■ **WORK REQUIRED**
No pictures go in the copy. Restate, word for word, each line from the one containing "Краска акриловая матовая" through the last line below.

■ **MATERIAL PROVIDED**
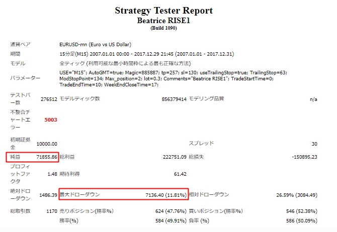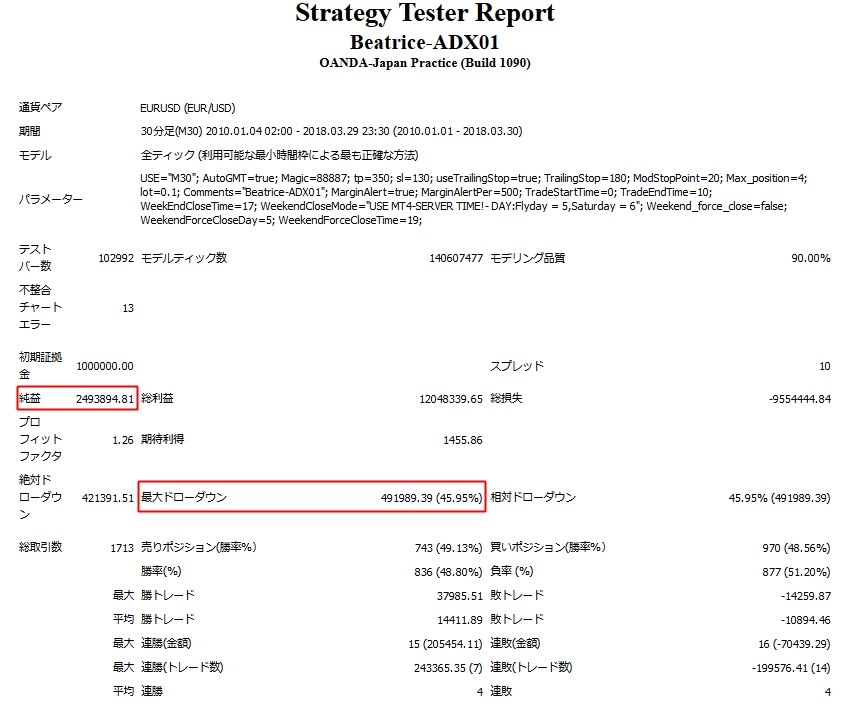 バックテストは設定するスプレッドやMT4のGMTなどにも影響されるので、参考程度にお考えください。
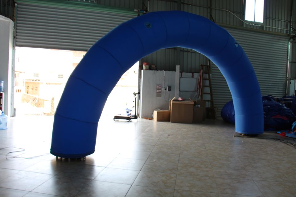 ซุ้มโค้งสีน้ำเงินกันน้ำกันแดดแบบเป่าลมพร้อมปั๊มลมไฟฟ้าสูงกว่า 12 ฟุตสำหรับงานโฆษณา
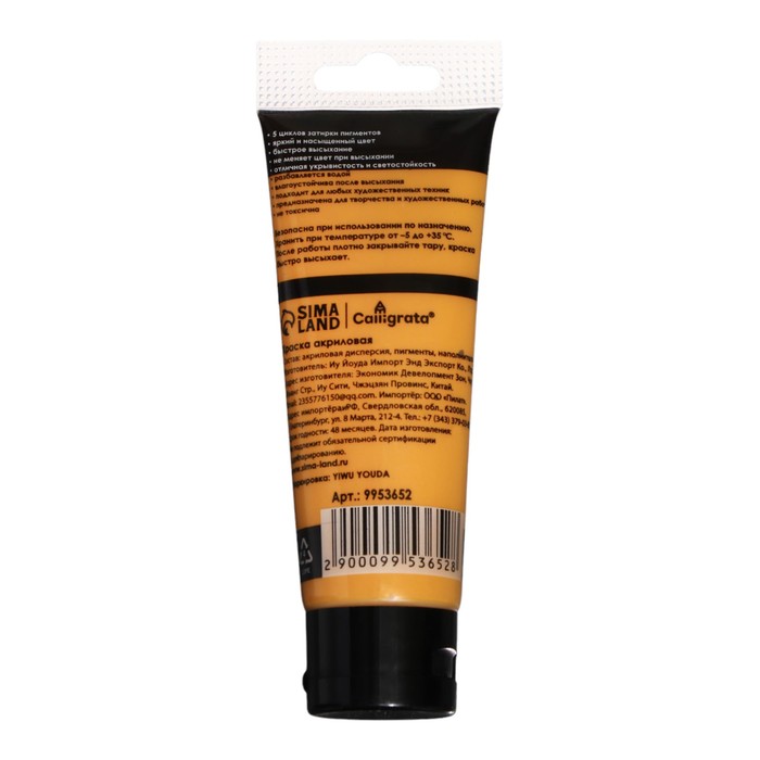 Краска акриловая матовая в тубе 75мл CALLIGRATA, КМ003, Охра желтая, пантон 131С — Характеристики
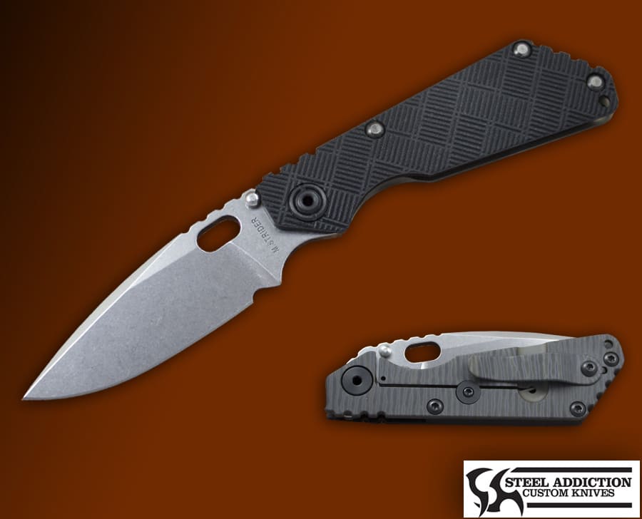 The HYBRED SNG features a CPM20CV stainless blade with the new M.Strider mark, the scales are Milled Black G10 & FlamedTitanium lock Side. Weighs in at 4.4 OZ.

■ **TASK SOLUTION**
 Краска акриловая матовая в тубе 75мл CALLIGRATA, КМ003, Охра желтая, пантон 131С — Характеристики
 The HYBRED SNG features a CPM20CV stainless blade with the new M.Strider mark, the scales are Milled Black G10 & FlamedTitanium lock Side. Weighs in at 4.4 OZ.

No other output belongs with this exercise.